Assignment >>
Starting at the line that contains "김진태 도지사, 경포해수욕장 119수상구조대원 격려" and stopping at the line that contains "5 23/1000 = 5, 023", transcribe every line of the material below exactly; pictures stay out.

Data section >>
*** Begin section ***

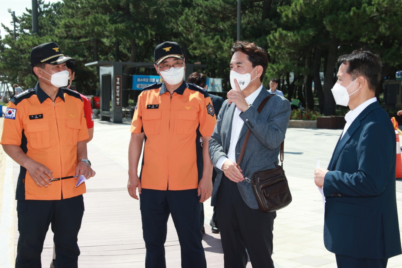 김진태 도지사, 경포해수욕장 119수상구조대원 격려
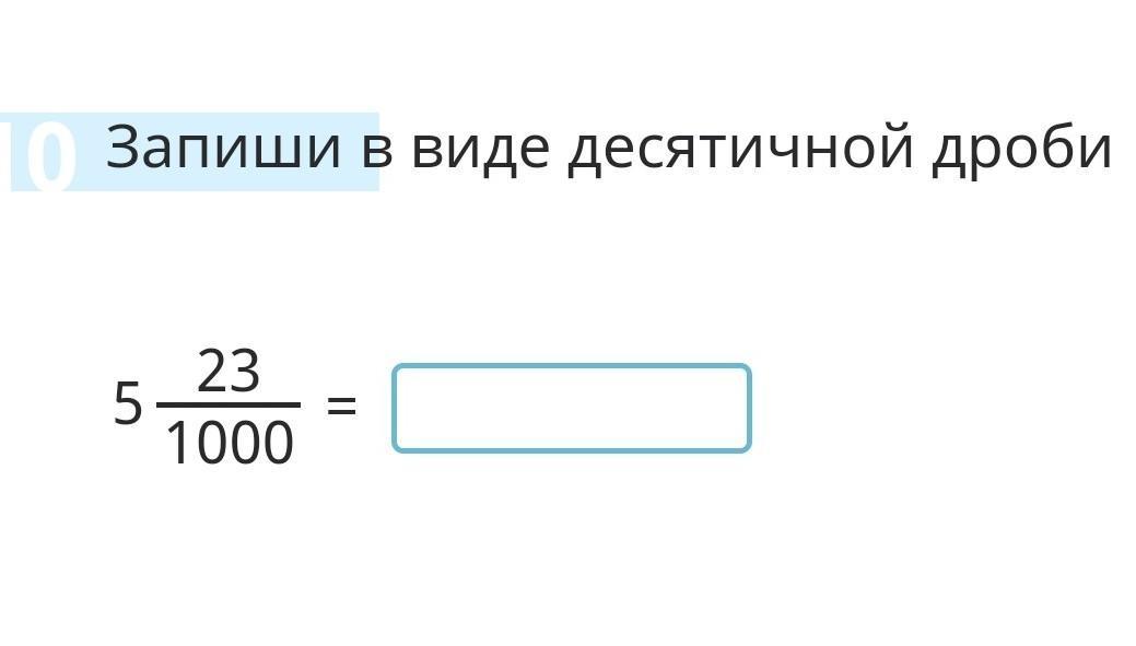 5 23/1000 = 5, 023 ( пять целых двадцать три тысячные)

*** End section ***
*** Begin section ***

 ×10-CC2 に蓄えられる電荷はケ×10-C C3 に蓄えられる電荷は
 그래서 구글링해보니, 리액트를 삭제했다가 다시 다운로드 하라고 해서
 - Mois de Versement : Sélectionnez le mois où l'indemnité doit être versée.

*** End section ***

Output below >>
 김진태 도지사, 경포해수욕장 119수상구조대원 격려
 5 23/1000 = 5, 023 ( пять целых двадцать три тысячные)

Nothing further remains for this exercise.